Heterocyclic amines (HAs) are formed at ppb level during cooking of meat and fish. Epidemiological studies have shown a correlation between the intake of fried meat and cancer. The carcinogenicity of HAs has been shown in mice, rats and non-human primates. The human risk of HA intake is not clarified, but depends on the level of exposure, dietary factors influencing their uptake and biotransformation, and on the capacity of the individual to handle HAs. Exposure will be determined by new methods for analysis of HAs in foods and for biomarkers of internal and bioactive dose. Endogenous handling will be studied using cloning techniques; critical human enzymes and polymorphisms/genetic susceptibility in the bioactivation and detoxification of HAs and individual DNA repair capacity will be characterised. Exogenous dietary factors modifying the biological handling will be investigated.

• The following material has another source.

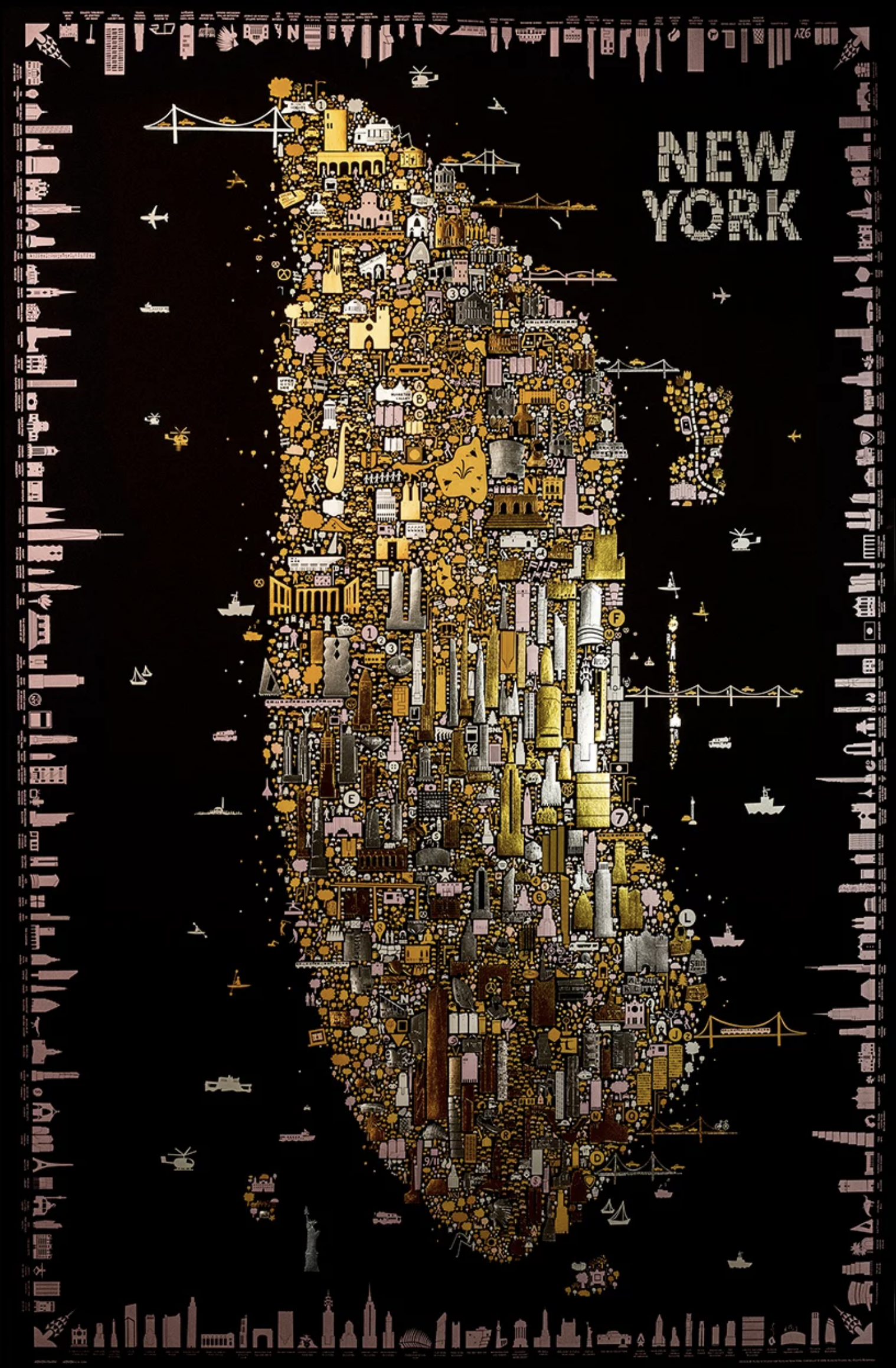 Love this map by artist Rafael Esquer with gold on black velvet.

The overall objective is to increase our understanding of the impact of exposure to heterocyclic amines on human health. Three major objectives can be identified: Improvement of (i) the assessments of exposure to HAs, (ii) the understanding of endogenous factors modifying the health effects of HAs, and (iii) the understanding of exogenous (dietary) factors modifying the health effects of HAs.

Exposure: Analytical methods for the determination of HAs in foods have been optimised and harmonised. Preliminary results of the most popular meat and fish dishes in Austria and in Sweden show that the precursors content in the meat has a marked influence on the formation of HAs during cooking. An analytical method for PhIP in human hair as a long-term biomarker for exposure to HAs has been developed. Ametabolite of PhIP, 5-OH-PhIP, was found in urine of exposed rats. Urinary mutagenic activity was measured after ingestion of meat with a defined amount of HAs, and two HAs were identified. The induction of tumours in Min-mice by PhIP has been performed.

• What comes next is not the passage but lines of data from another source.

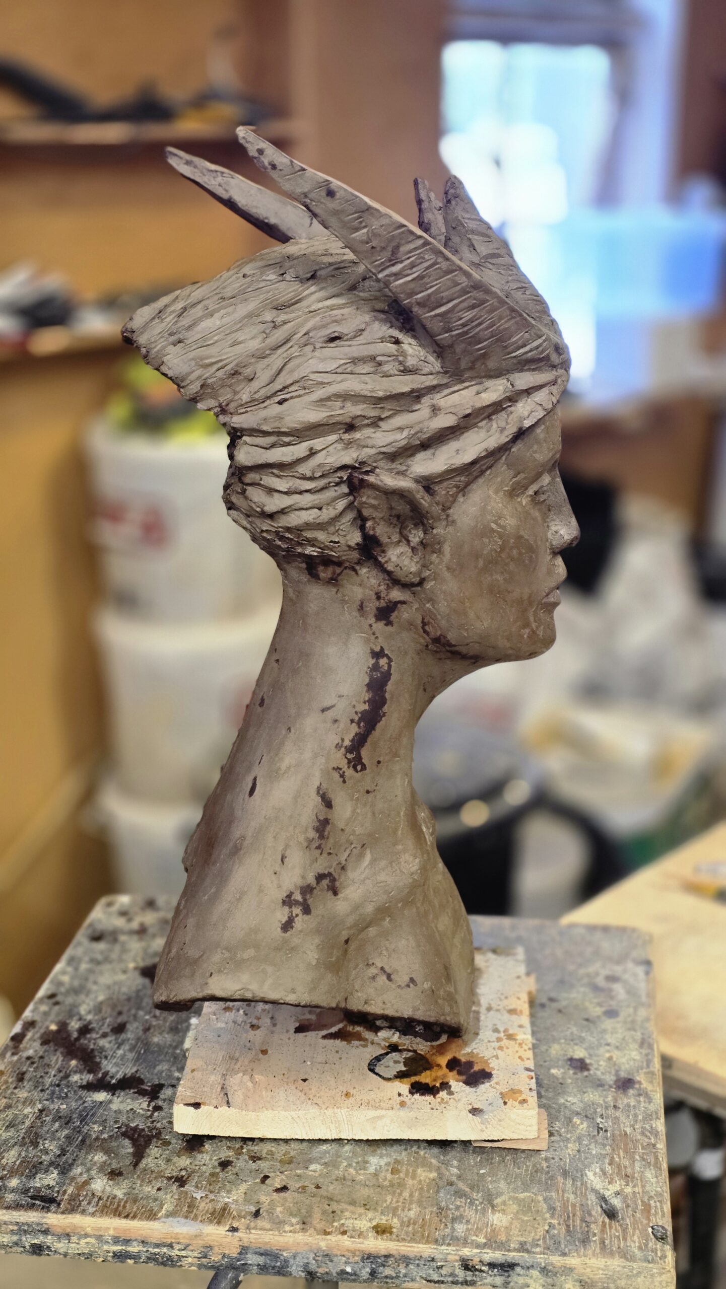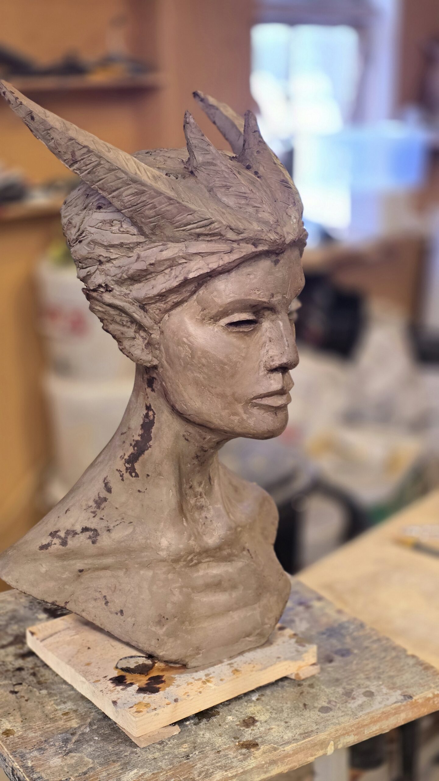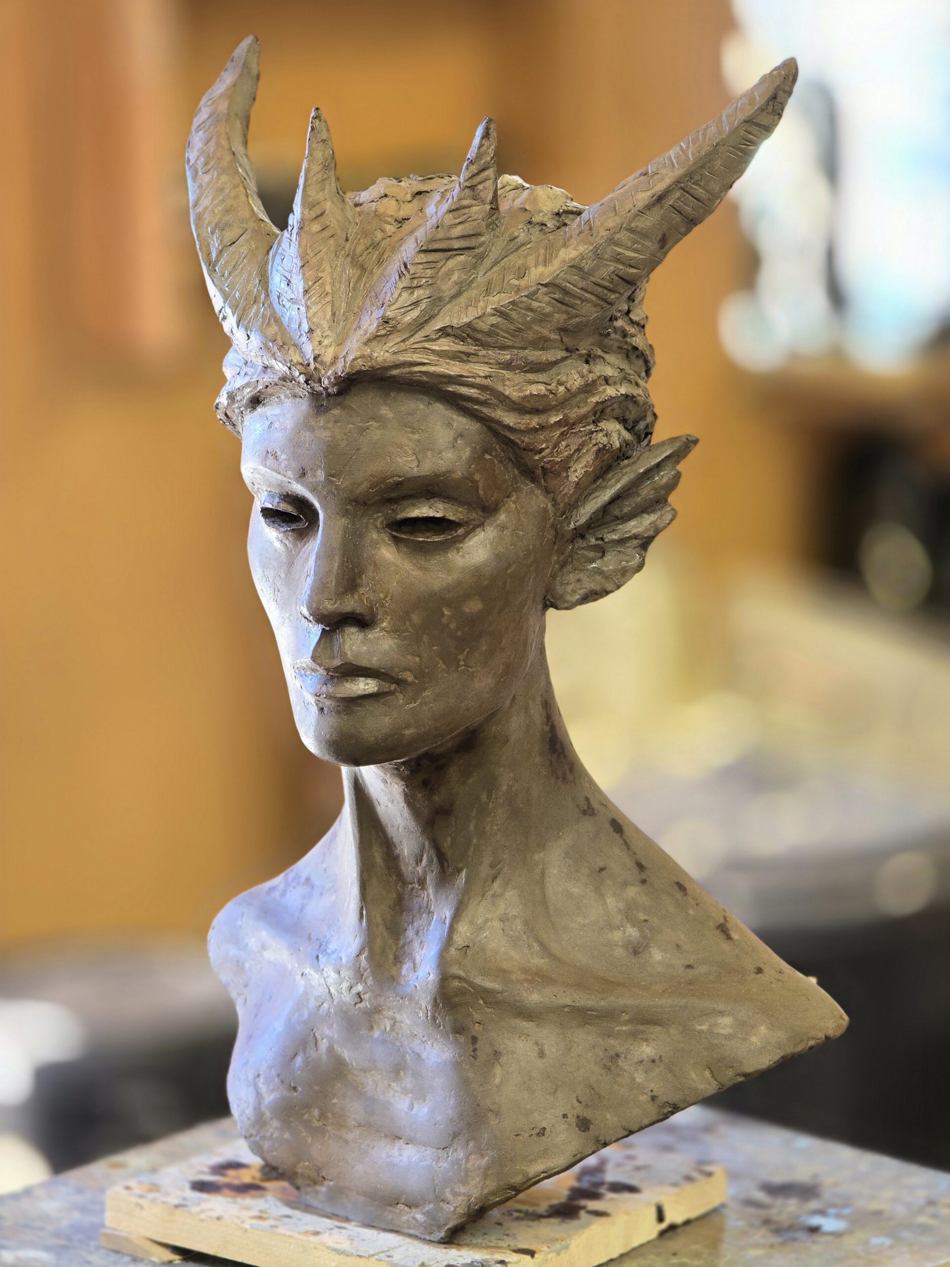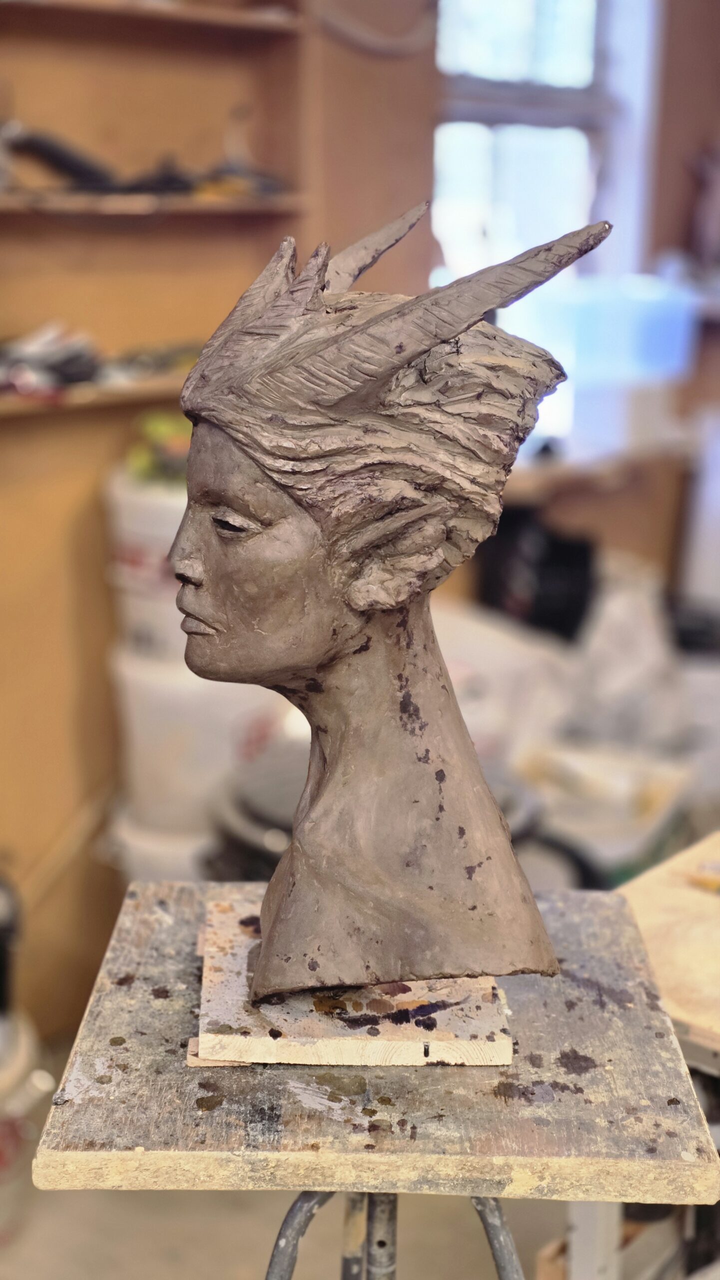 Skulpturen Skogsrå är skulpterad i cellulosalera som lufttorkar. Den är ca 60 cm hög. Skulpterad vintern 2025-2026.
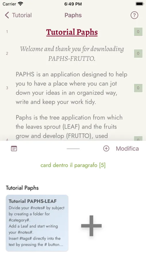 Paphs-Frutto is the juicy part, the result of your work, which allows you to write your story, report or simply take notes.
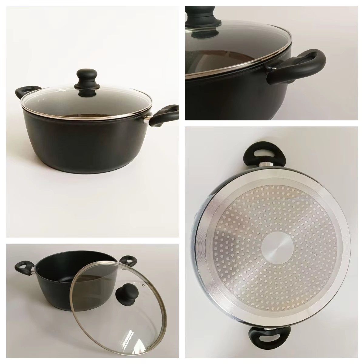 Pan friochadh Neamhmhaide Cásaróil Anlann Alúmanam Potaí agus Pannaí Cócaireachta Socraigh calafort anraith le clúdach gloine Wholesale

Endogenous factors: V79 cell lines that co-express human enzymes have been genetically engineered and used to study the mutagenicity of HAs. Genotoxicity of HAs has been investigated with special emphasis on aminocarbolines in short-term tests. The metabolism of MeA€C has been studied in hepatic microsomes from rats and from humans. The mutagenicity of extracts of fried foods was studied through incubation with Lactobacillus strains. Germ-free rats were inoculated with human intestinal microflora and fed a standard or an experimental diet for four weeks to determine the genotoxic response.

Exogenous factors: New genetically altered V-79 cells have been used in two test systems, and it was possible to obtain positive effects with HAs. An improved protocol for the measurement of PhIP-induced DNA damage in mice and rats was established. Effects of Brassica vegetables on IQ induced liver foci in rats were studied; it is possible to use this method to investigate protective effects of vegetables. The effect of Brussels sprouts on urinary mutagenicity, induced by hamburgers, was monitored in a HA sensitive Salmonella strain. Preliminary findings showed that the HA induced effects decline after consumption of the vegetables.